Instructions for the task.
Given the entries below, would you transcribe exactly the lines starting at the one with "nomeando a foca" and ending at the one with "25 septiembre, 2025Infografía", both kept, pictures omitted, nothing extra?
----- Given data -----
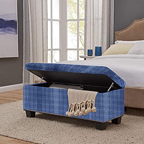 ROUNDHILL FURNITURE 2 Seater Upholstered Ottoman Bench with Storage Sofa Couch Pouffe for Living Room Bedroom Office (Blue Check)
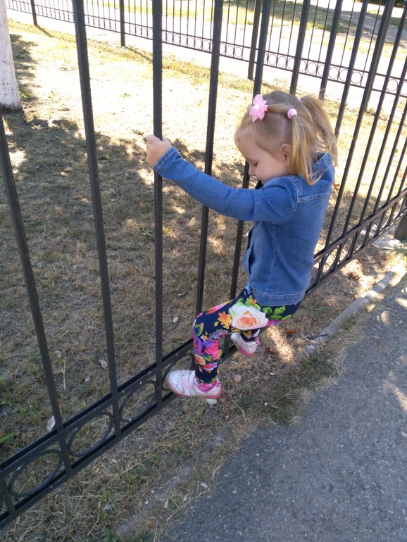 Пытаюсь уложить спать с 15 до 17, может и заснуть и проспать до 19, но это уже поздно. Вечером отбой в 22-00. С вечерним сном редко проблемы, засыпает в темноте в кроватке своей. Держу её за руку.
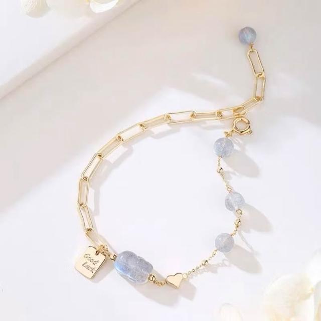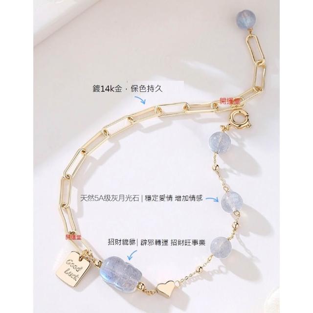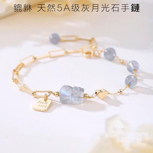 開運堂現貨 6mm天然灰月光石貔貅手鍊女轉運招財水晶手串INS小眾設計感 開運堂
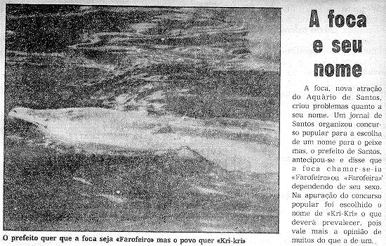 nomeando a foca que fora doada ao município, e chegou a publicar matéria redacional com sabor irônico, principalmente pela dimensão que o alcaide
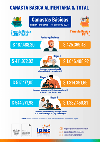 25 septiembre, 2025Infografía Canasta Básica Alimentaria & Total – Región Patagonia – 1º Semestre 2025
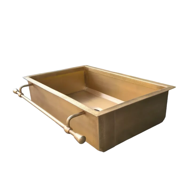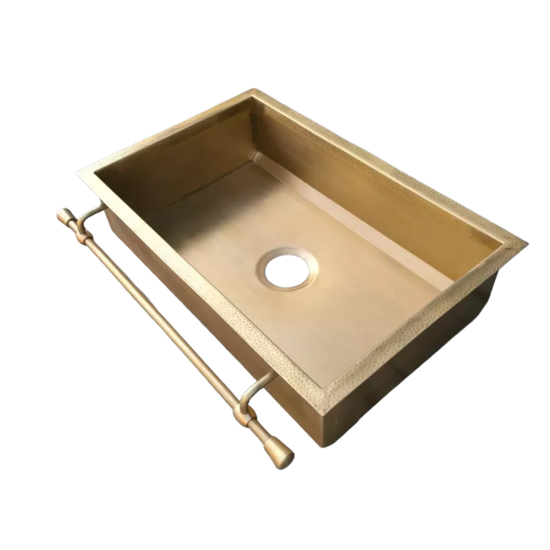 Handcrafted Brass Kitchen Sink with Fine-Hammered Rim and Towel Bar – Vintagecopperdecor | Custom Copper & Brass Range Hoods for Luxury Kitchens
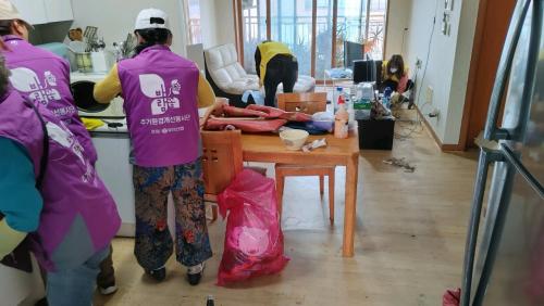 ¾ÆÄ§ ÀÏÂïºÎÅÍ ºÀ»ç´Ü¿øµé°ú ½Å°¡µ¿ Á÷¿øµéÀº ´ë»óÀÚ °¡Á¤À» ¹æ¹®ÇØ Áý¾ÈÀ» Á¤¸®Çϰí, ºÒÇÊ¿äÇÑ ¹°°ÇÀ» Á¤¸®ÇÏ´Â µî ´ë´ëÀûÀΠû¼Ò¸¦ ÁøÇàÇß´Ù.
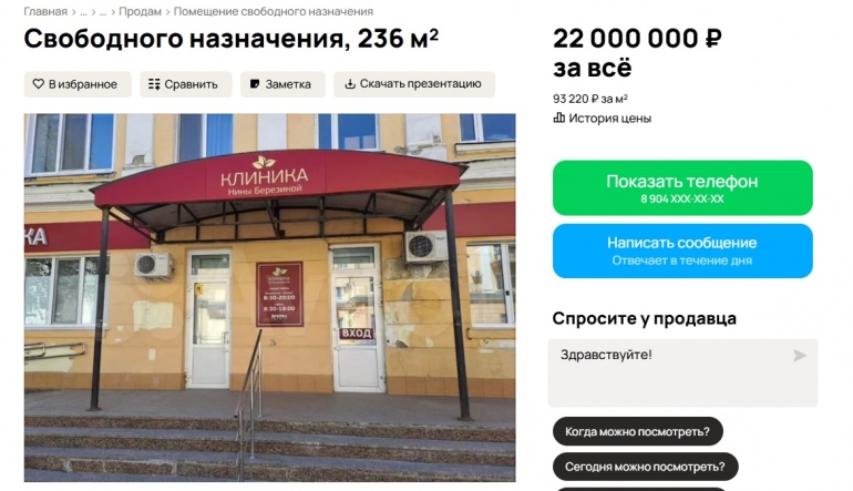 Объявление о продаже появилось на «Авито» в конце прошлого года. Тогда помещение на первом этаже пятиэтажного жилого дома выставили за 23 млн рублей и через месяц снизили цену на миллион рублей. В объявлении отмечается, что продаваемое помещение площадью 236 кв. м. находится в центре города — в районе с развитой инфраструктурой и высокой проходимостью. Оно сдано в долгосрочную аренду, обеспечивающую стабильный пассивный доход. Ежемесячная плата за аренду составляет 145 тыс. руб. Срок окупаемости, по расчетам продавца, составит около 12 лет.
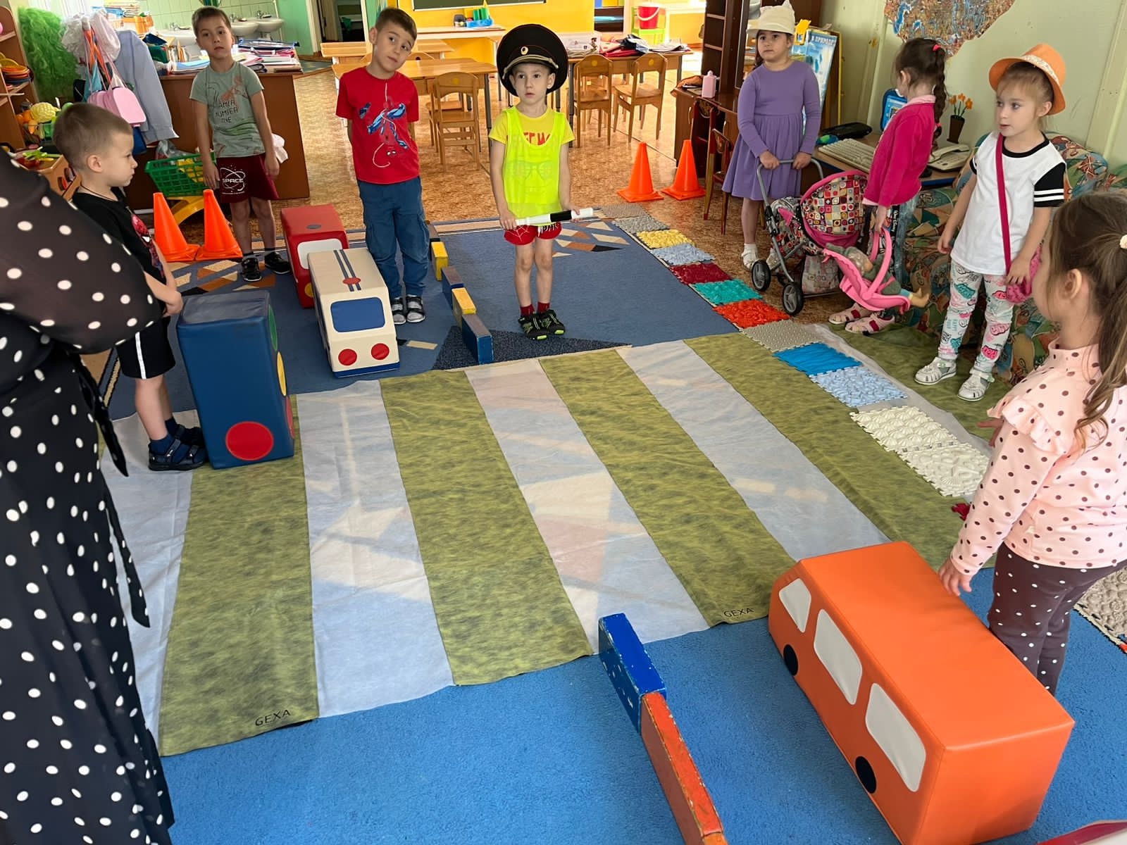 Сегодня в логопедической группе 6 воспитанники обыгрывали ситуации на проезжей части: переход через дорогу на разрешающий сигнал светофора, нельзя отвлекаться на разговоры по телефону, посмотреть на лево и на право.
-----
Task response.
 nomeando a foca que fora doada ao município, e chegou a publicar matéria redacional com sabor irônico, principalmente pela dimensão que o alcaide
 25 septiembre, 2025Infografía Canasta Básica Alimentaria & Total – Región Patagonia – 1º Semestre 2025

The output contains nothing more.